The Justice Department spent years and millions trying to execute Zacarias Moussaoui. The administration needed somebody to sacrifice as a scapegoat for 9/11, and the hapless, schizophrenic Moussaoui was the only candidate in inventory. The prosecution dragged scores of witnesses through the courtroom to tell their stories of loss, showed horrific picture after picture, and even led off its death penalty dog and pony show with the unctuous ring master Rudy Giuliani.

Remember, Moussaoui had plead guilty to conspiracy in the events of 9/11, even though his complicity was pretty much only in his own mind. The judge could have just sentenced him to life, and that would have been it. But, oh no, they had to put Moussaoui on trial in a Virginia district court with a “rocket docket” and a penchant for finding jurors who like the death penalty.
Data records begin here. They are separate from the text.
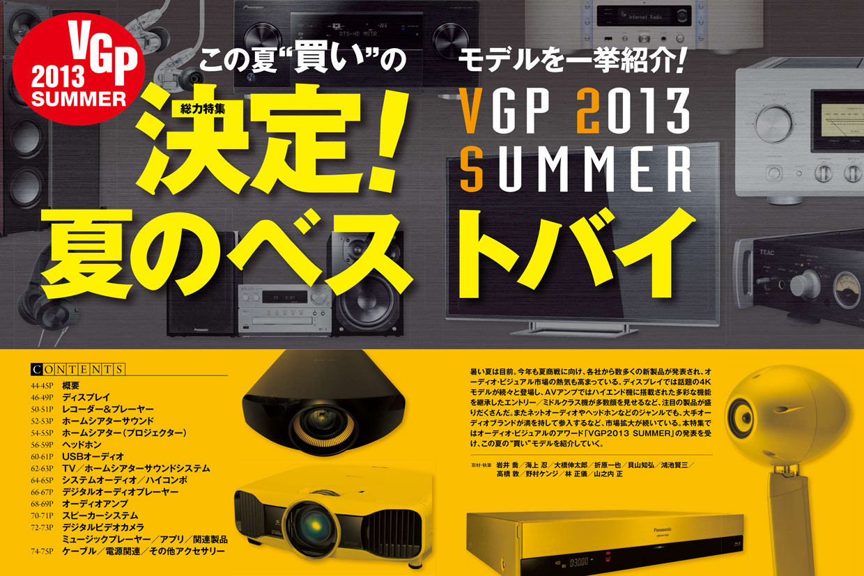 決定! 夏のベストバイ?いま“買い”のモデルを一挙紹介! オーディオ・ビジュアル機器の祭典「VGP 2013 SUMMER」が開催されました。約1700モデルを越えるエントリーモデルの中から、評論家および審査店が審議を重ね、総合金賞、批評家大賞、特別賞など各賞に相応しいモデル群を選出しています。優秀モデルが激戦を繰り広げた、VGP 2013 SUMMERの模様を受賞結果とともに発表します。 巻頭特集AVアンプ夏モデル速報レポート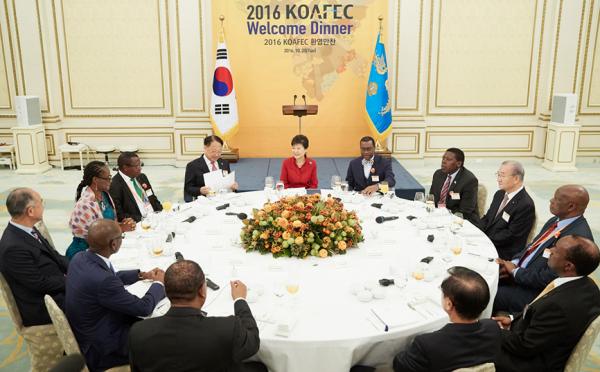 박근혜 대통령은 제5회 한-아프리카 경제협력회의(KOAFEC)에 참가하기 위해 방한한 아프리카 각국의 장·차관들과 국제기구 및 민간기업 대표들을 청와대로 초청해 만찬을 함께 했다고 청와대가 밝혔다.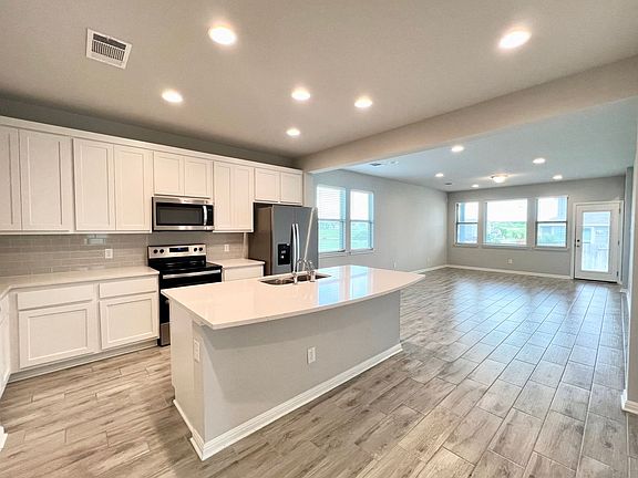Welcome to this stunning home on a corner lot in Jarrell, TX! This 3 bedroom, 2 bathroom house is ready for move-in and offers a range of amenities to enhance your living experience. Enjoy the convenience of a washer/dryer in unit, cable-ready connections, and air conditioning for year-round comfort. The open floor plan includes a built-in office space, perfect for those who work from home. The kitchen features granite countertops, a center island, and built-in features for added convenience. Retreat to the private fenced backyard or relax on the covered back porch. The primary bedroom boasts a walk-in shower, double vanity and walk-in closet for ample storage. Residents also have access to community amenities such as a sports court, playground, pool, and splash pad. Don't miss out on this opportunity to make this beautiful house your new home!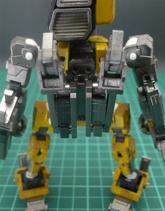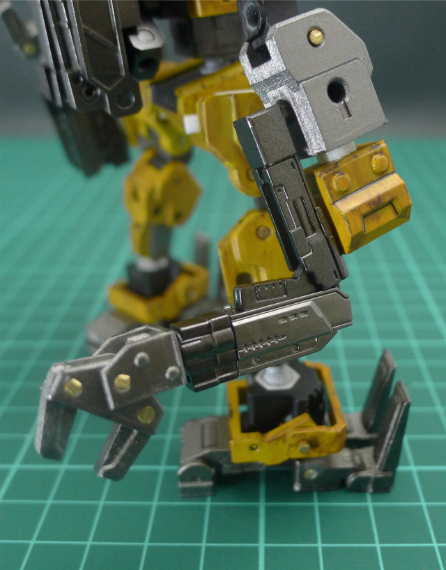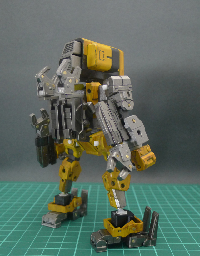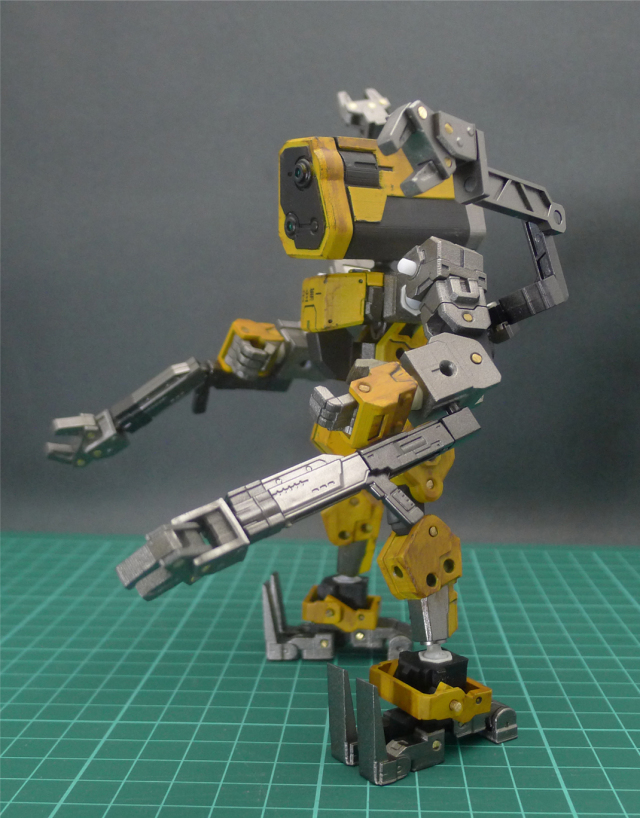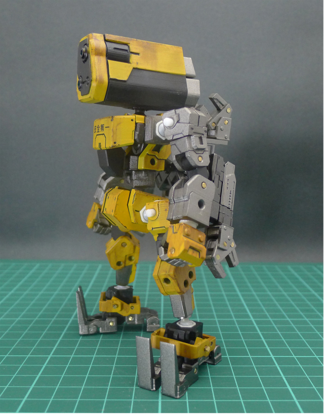 裝備的部分,使用了壽屋的M.S.G系列的手臂背包,在手臂末端的部分,裝上了自行設計的夾爪,畢竟是工程用機體,多幾支手臂好辦事~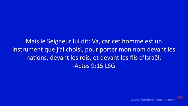 Mais le Seigneur lui dit: Va, car cet homme est un instrument que j'ai choisi, pour porter mon nom devant les nations, devant les rois, et devant les fils d'Israël; -Actes 9:15 LSG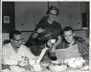 1956 Press Photo Father And Son Both Study While Having Breakfast

Dahlia Lithwick writes, very well as usual, about the outcome in the Moussaoui case in Complex Martyr. Here’s a little of what she said about the case:
In the end, the only real link between the acknowledged fact that Moussaoui was a terrorist who was willing to die in a suicide attack and the actual attacks of 9/11 existed in the minds of the prosecution. And, at the last minute, these links sprang to life in the fantasy world of the terrorist himself, who cooked up a strange Forrest Gump plot—starring himself and Richard Reid—that the judge herself considered to be hooey and that even the prosecutors didn't believe.

This case was about a conspiracy, about some factual connection, however attenuated, between Zacarias Moussaoui's jihadi heart and the events of 9/11. And although the government has steadfastly stood by its legal claim that it was enough for Moussaoui to have wanted to be on those planes on 9/11, enough for him to have delighted as those planes went down, the jurors recognized this afternoon that a conspiracy to aid in a terror plot requires more than just a bad heart, and more than mere willingness to participate in the next one.
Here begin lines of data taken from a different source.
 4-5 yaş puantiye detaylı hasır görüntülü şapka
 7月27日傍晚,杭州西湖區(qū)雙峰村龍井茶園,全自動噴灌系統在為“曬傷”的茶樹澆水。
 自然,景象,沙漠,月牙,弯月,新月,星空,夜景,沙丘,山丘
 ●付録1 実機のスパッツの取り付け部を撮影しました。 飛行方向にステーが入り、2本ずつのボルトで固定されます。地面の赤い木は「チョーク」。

This decision, which will doubtless bring with it some serious national fallout, is more subtle, and more courageous, than the prosecution itself. Acting as a check on a runaway state, these jurors refused to allow a government needing a scapegoat and a man wishing for martyrdom to stand in the way of the facts. These jurors understood that for this country to kill a terrorist for his ideas, hopes, and dreams is not much different than the terrorist's desire to come here and kill us for ours.

Yesterday was a good day for the American jury system. Spot can hardly wait for Katie, Mona Charen, Debra J. Saunders, or Clifford May to weigh in on the subject.